From The Comedy Store
The White House released a video of President Obama extending his Valentine’s Day greetings. It shows the president saying that if you haven’t met that someone special, he hopes you’ll meet that someone special soon. Of course, he is talking to a drone.
The Nixon Library opened an exhibit about how Richard Nixon coached Bill Clinton when he first became president. They got along great. Richard Nixon and Bill Clinton agreed on much despite their radically different philosophies on how to screw the country.
The Vatican disclosed that Pope Benedict struck his head on a wooden beam in a hotel room during a trip to Mexico. It’s widely believed that he suffered a serious head injury. President Obama said if he had a son he’s not sure if he’d allow him to be pope.
President Obama took a three-day vacation in Palm Beach. Critics said it’s the height of the season when hotel rooms are most expensive for his security entourage. We’ve gotten to the point where one third of the federal budget deficit is just his green fees.

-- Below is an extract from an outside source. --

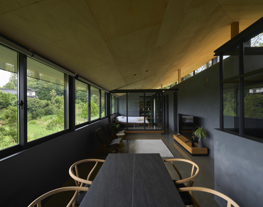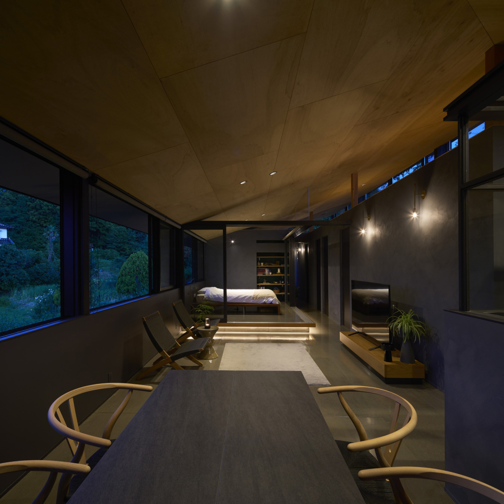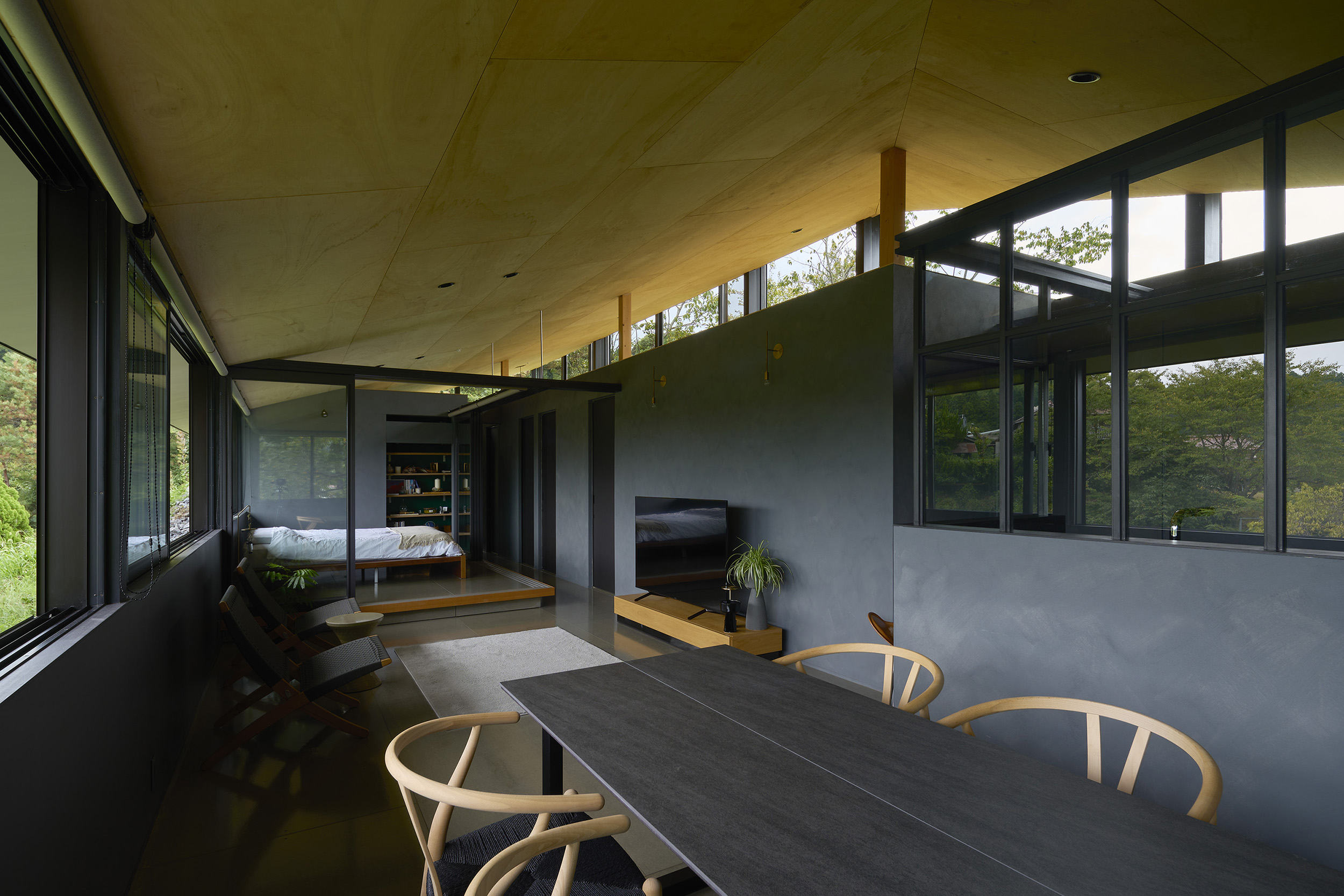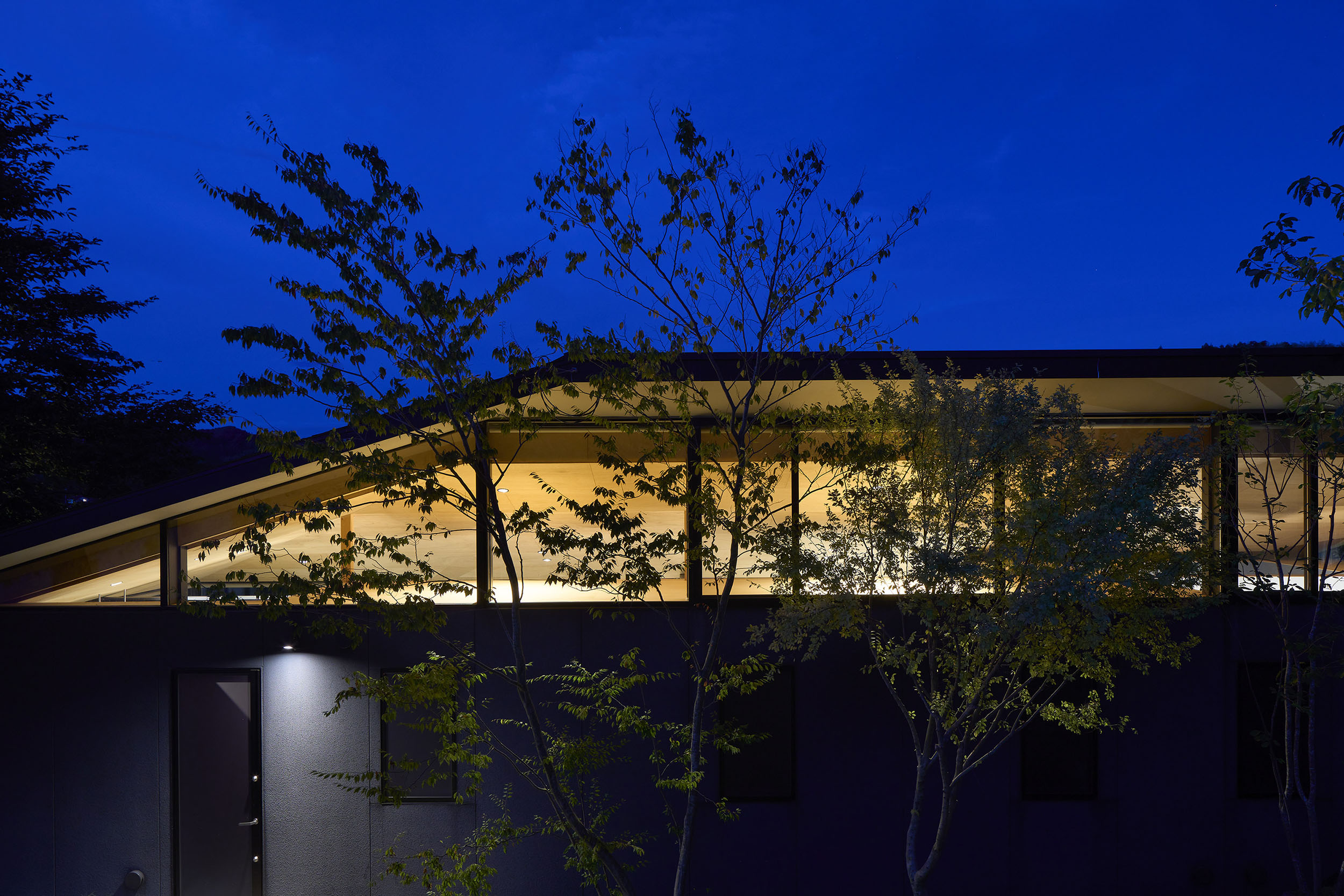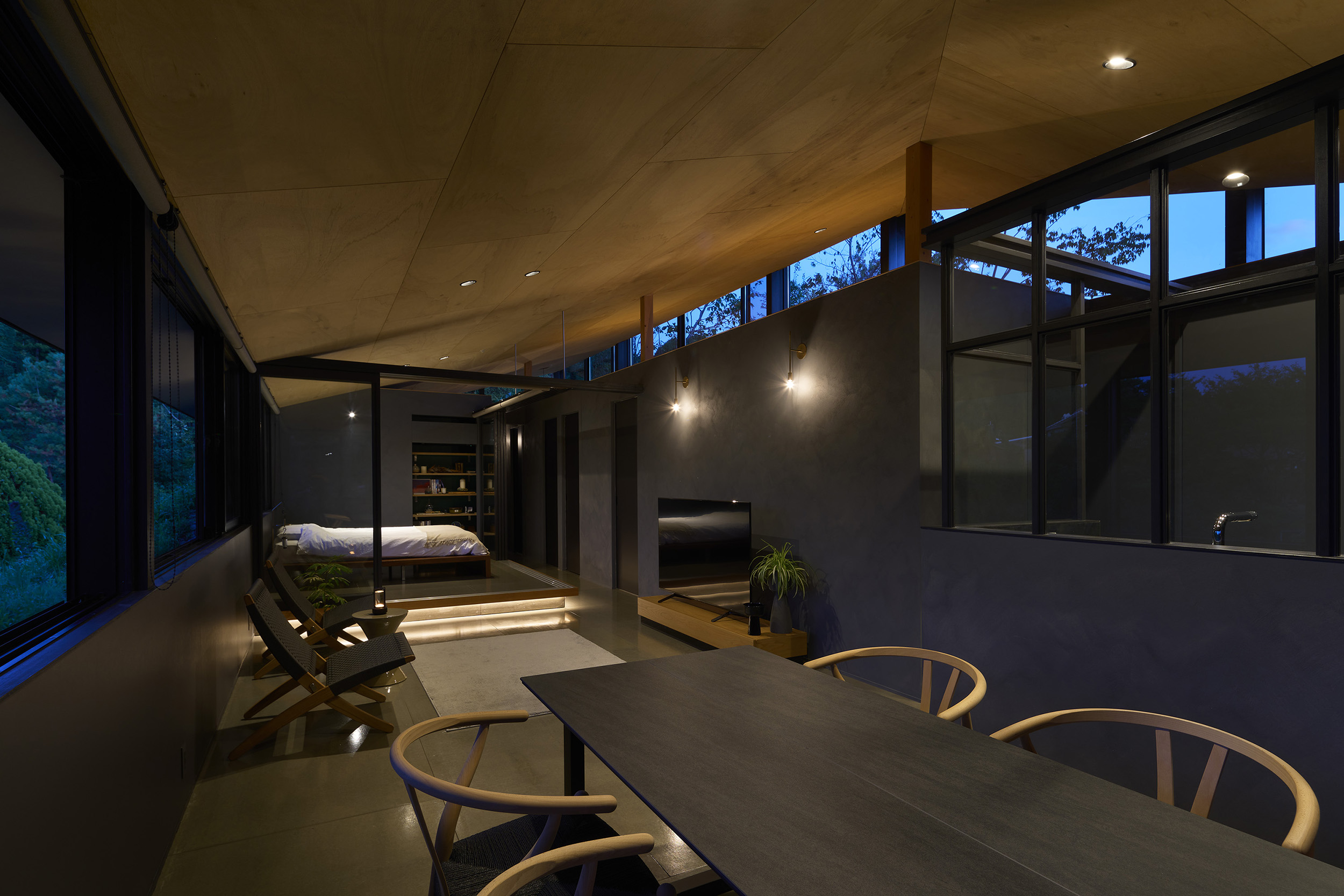 建物は夫婦ふたりのための平屋住宅であり、ひとつながりの空間の中に多様な居場所を望まれた。空間はガラスで仕切りながらも視線と光がゆるやかに交わる構成とし、天井の高さや開口部の位置の違いによって空間の性格を変化させた。
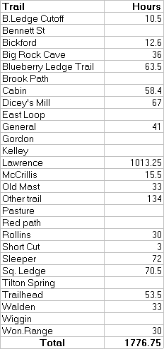 Unfortunately, the project got off to a bumpy start, with two crew members leaving in the first weeks. After the delay of recruiting a (single) replacement, work resumed with excellent quality and quantity, especially considering the scarcity of rock at the work site. But just as we reached peak productivity, two more crew members quit, and the work came to a full stop. These problems resulted in a 40% loss of crew time, and only about half of the expected work was completed. Why did these problems occur? Probably because of inadequate Trails Committee participation in the crew recruiting, selection, and intake process. As a result, the crew members were less prepared for our demanding back-country project, and not fully aware of the critical role each would play in our trails program. Where do we go from here? Except for this year, SCA volunteers have been an excellent source of trail crew members. Of our previous twenty regular crew members, the WODC suffered only one early departure. We believe we can continue this success (within the model of a co-op crew) by restoring our previous involvement in crew affairs. FundingOf the $20k trails budget, approximately $12k has been expended, primarily for expenses related to the trail crew. The US Forest Service has also pledged $4k towards this year’s work, leaving the WODC with a final trails expenditure of $8k. When you consider the 1800 hours of essential trail work that was completed, it’s a great deal for everyone. It’s also important to remember that 75% of the work was done by volunteers. Only the crew leader was compensated for his time, but we still owe Jeff the biggest "Thank You" for his tireless devotion to the summer crew. Safety NotesSafety is always a top-priority for trail work, and the WODC has been fortunate that our only accident in the last ten years involved a knife cut at lunch time! Since most WODC trails are within the Sandwich Range Wilderness, motorized equipment is prohibited, and all work must be done with hand tools. (You’d be surprised what you can do with a $12 bow saw!) While the Forest Service does allow chain saws outside Wilderness, they can only be used by those with formal FS training and certification. For your own safety (and to preserve the accident protection afforded to FS volunteers), please leave your chain saw at home! If you do encounter something too big for a hand saw, give the Trails Committee a call. The Forest Service will also be glad to send out a certified sawyer for the occasional non-Wilderness blow-down.

Tiger Woods addressed reporters at Tucson’s Accenture Match Play Championships to discuss his golf date with President Obama. He said the president has a nice touch and an excellent aim. Obviously Tiger’s never seen President Obama’s drone strikes.
U.S. Congresswoman Sheila Jackson Lee addressed the House and identified herself as a freed slave. That makes her a hundred and sixty. It’s the same kind of math the Democrats used in promoting the health care bill to explain how it would save money.
Russia was struck by a meteor that was televised descending from the sky and exploding over the tundra. It caused a minor earthquake. The meteor didn’t dare land in the United States, because the meteor knows we have a president who skeet shoots.
Joe Biden spoke against assault weapons and advised women to go outside and fire two shots from a double barreled shotgun to scare off intruders. He’s so wise. Once an intruder knows your gun is empty he’ll gladly go home and leave you alone, ladies.
USA Today reports U.S. immigration police angered Mexicans by planning to increase the expulsions of illegal immigrants who have criminal records. You can understand their anger. They had no idea it was a crime when they bought all those guns from the FBI.
President Obama played a secret round of golf with Tiger Woods in Palm Beach with no press allowed at the club. He picked up some helpful tips. Tiger Woods shared his expertise with the president and now all the text messages from Benghazi have been erased.
The White House sent a congratulatory message to the Vatican to salute Pope Benedict after the pontiff retired. It was gracious, if grudging. President Obama and Pope Benedict met just once, and neither could stand the other’s holier-than-thou attitude.
President Obama’s favorite hamburger and barbecue restaurant in Washington D.C. was padlocked by its landlord for failure to pay rent. It’s where the president enjoys burgers and fries and now it’s totally shut down. Well played, Michelle, well played.
Jesse Jackson, Jr. pleaded guilty to campaign finance fraud while serving as a Member of Congress Tuesday. He stole a fortune from his campaign fund. Chicago politicians always wear pin-striped suits so that when they go to jail they don’t have to change clothes.